Muslim Rohingya Refugees Drown as They flee Buddhist Persecution in Myanmar

September 1, 2017

Around 27,400 Rohingya Muslims have crossed into Bangladesh from Myanmar since Friday.
Bangladeshi border guards have recovered two dozen bodies from the country’s shore in the last two days, as tens of thousands of Rohingya Muslims flee violence in Myanmar.
The bodies of 11 Rohingya children and nine women washed up on the Bangladesh side of the Naf river after their boat overturned, said Ariful Islam, a commander with Bangladesh’s border guards.
On Wednesday, the bodies of two Rohingya women and two children were recovered after their boat was fired on by Myanmar’s Border Guard Police, Islam said.
Officials in Bangladesh say growing numbers of Rohingya are trying to cross the Naf river that divides the two countries in rickety boats ill-equipped for the rough waters as they become increasingly desperate to escape the worst violence involving the Myanmar minority in at least five years.
According to three United Nations sources, around 27,400 Rohingya have crossed into Bangladesh from Myanmar since Friday, after Rohingya insurgents attacked police posts and an army base in Rakhine state, leading to clashes that have killed at least 117 people.
One survivor told AFP that the small, overcrowded boat he was traveling in had been tipped over by huge waves near where the Naf river opens out into the sea.
“Nobody knew how to navigate the sea waters. When huge waves tilted the boat, we panicked,” Shah Karim said.
About 1.1 million Rohingya Muslims live in Myanmar’s Rakhine state, but they are denied citizenship and are seen by many officials in Myanmar as “illegal immigrants.” Bangladesh is also growing increasingly hostile to Rohingya, more than 400,000 of whom live in the South Asian country after fleeing Myanmar since the early 1990s.
Bangladesh sent back 366 Rohingya trying to enter the country mainly by small wooden boats Wednesday, though thousands of others have set up temporary camps along the land border between the countries.
“We have given shelter to a huge number of Rohingya refugees in Bangladesh on humanitarian grounds and it’s a big problem for us,” Prime Minister Sheikh Hasina said, according to the state-run BSS news agency
The Myanmar government said its security forces are carrying out clearance operations in northern Rakhine to defend the country against “extremist terrorists.” Thousands of Buddhists from Rakhine were evacuated since the start of the fighting, it said.

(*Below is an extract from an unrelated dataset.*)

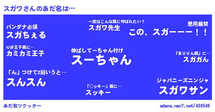 | ポケモン風あだ名 | 『メロスッガ』『スガワダネ』『ゼニスガ』『スガチュウ』 |

Chris Lewa, of the Rohingya monitoring group the Arakan Project, said to Reuters it appeared Myanmar security forces were trying to drive out a large proportion of the Rohingya population as their villages have burned down.

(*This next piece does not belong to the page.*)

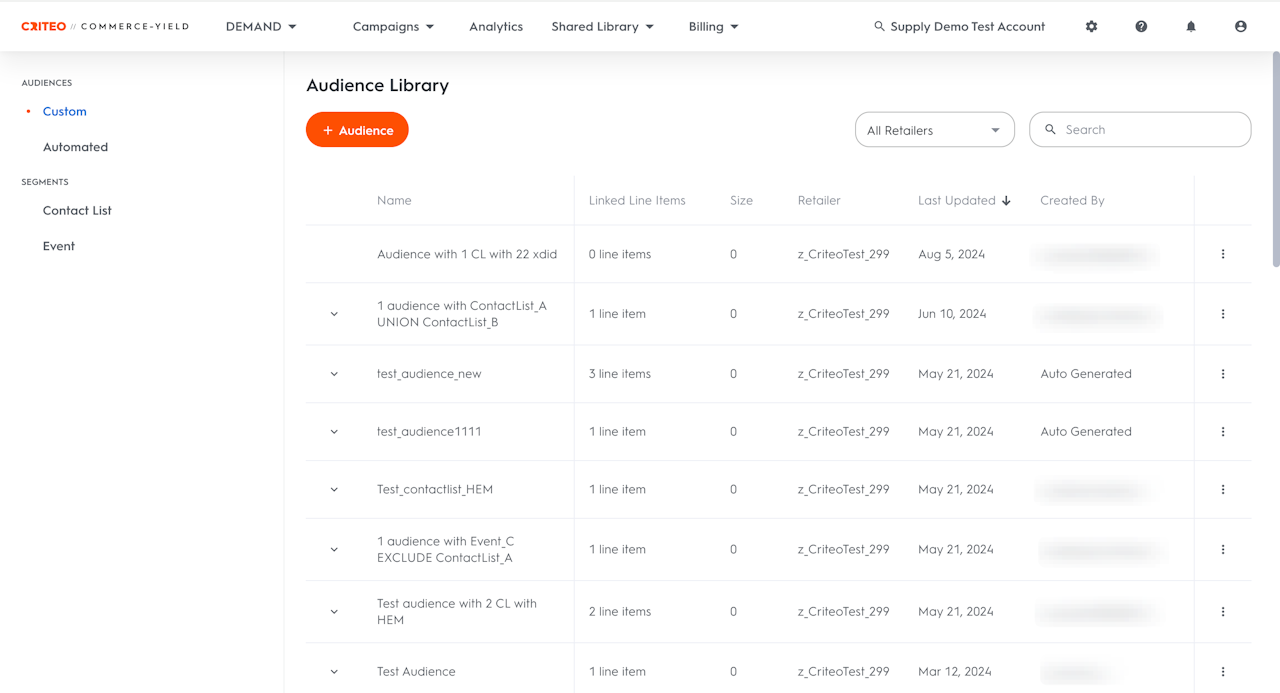 Created By: The user responsible for the creation of the audience.

“What we’re hearing is burning, burning, burning,” she said. “And it seems to be spreading from south to north.”
Abdullah, a Rohingya from the region of Buthidaung, told Reuters four of the six hamlets in his village of Mee Chaung Zay had been burned down by security forces. All its residents have had to flee toward Bangladesh.
“The situation is very terrifying, houses are burning, all the people ran away from their homes, parents and children were divided, some were lost, some are dead,” Abdullah said.